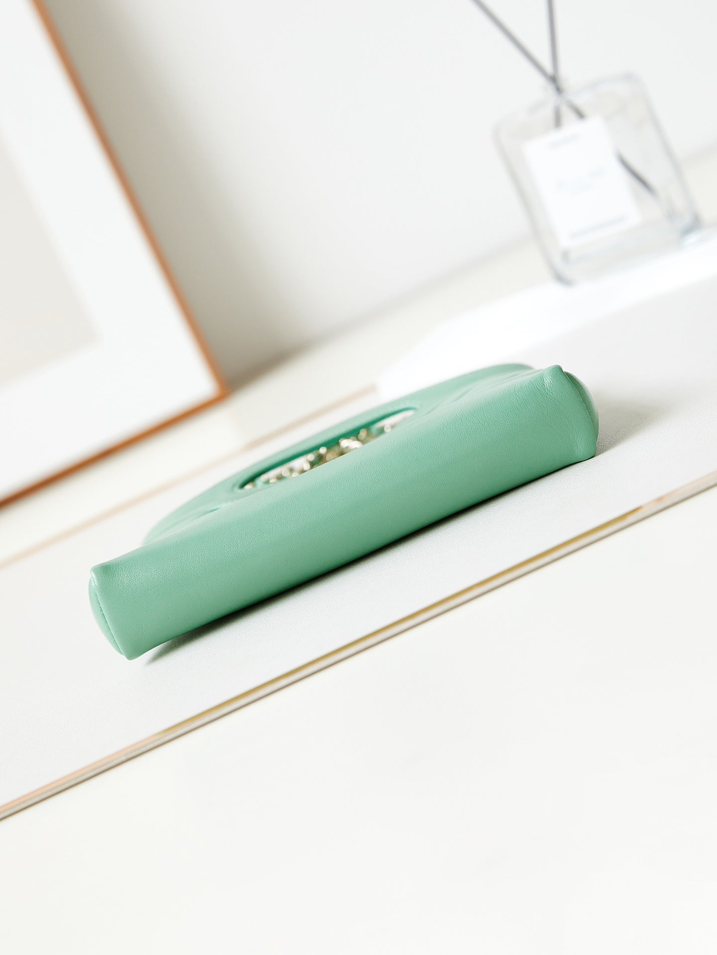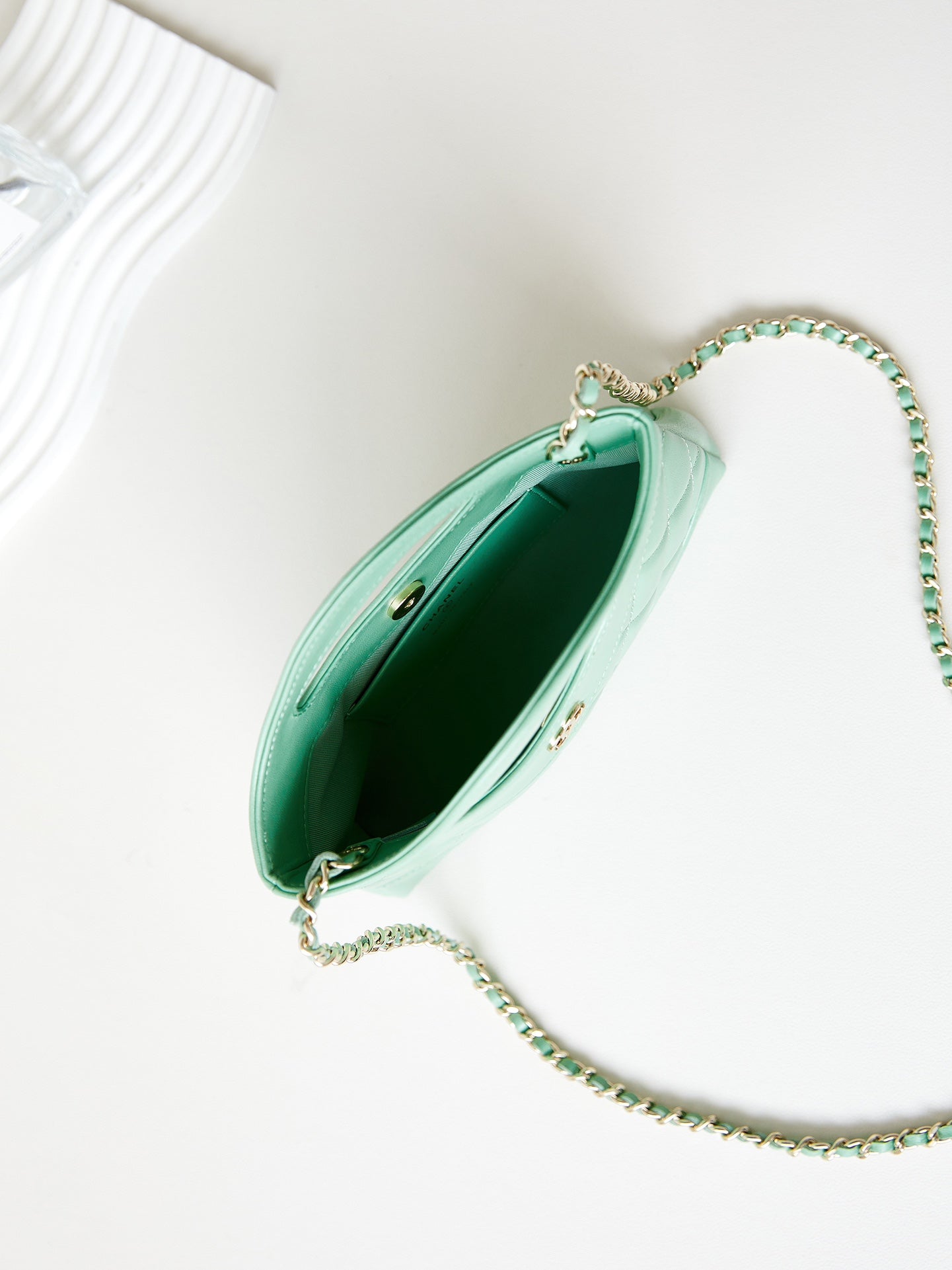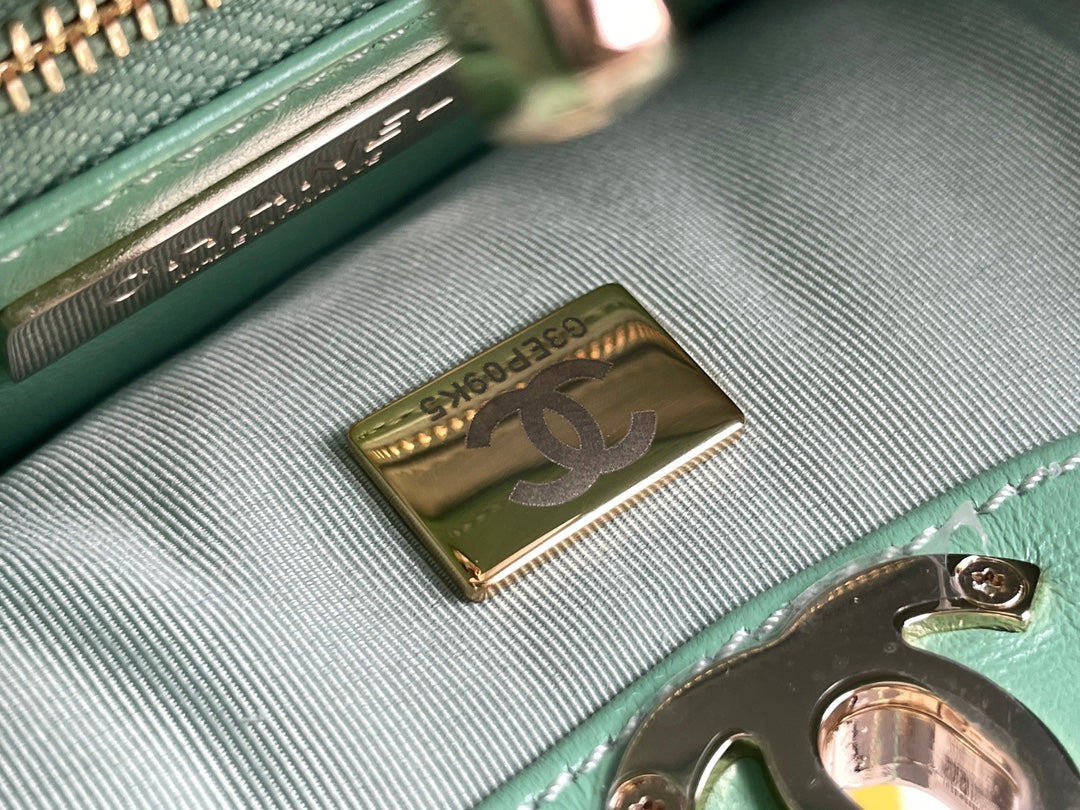 cc 24s31 nano shopping bag 17.5cm light green lambskin gold hardware
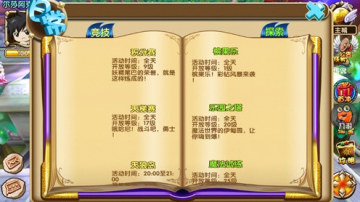 日常任务分为竞技和探索两大类,竞技包括:积分赛、天阶赛、天狼岛。探索包括:宾果乐、乐园之塔、魔法试炼、星空之匙
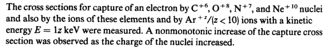 The cross sections for capture of an electron by C+6,0+8, N+7, and Ne+10 nuclei and also by the ions of these elements and by Ar + V(z < 10) ions with a kinetic energy Ε ~ \z keV were measured. A nonmonotonic increase of the capture cross section was observed as the charge of the nuclei increased.

TASK ITEM — Return the material word for word, images omitted.

RESULT FOR THIS EXERCISE —
 cc 24s31 nano shopping bag 17.5cm light green lambskin gold hardware
 日常任务分为竞技和探索两大类,竞技包括:积分赛、天阶赛、天狼岛。探索包括:宾果乐、乐园之塔、魔法试炼、星空之匙
 The cross sections for capture of an electron by C+6,0+8, N+7, and Ne+10 nuclei and also by the ions of these elements and by Ar + V(z < 10) ions with a kinetic energy Ε ~ \z keV were measured. A nonmonotonic increase of the capture cross section was observed as the charge of the nuclei increased.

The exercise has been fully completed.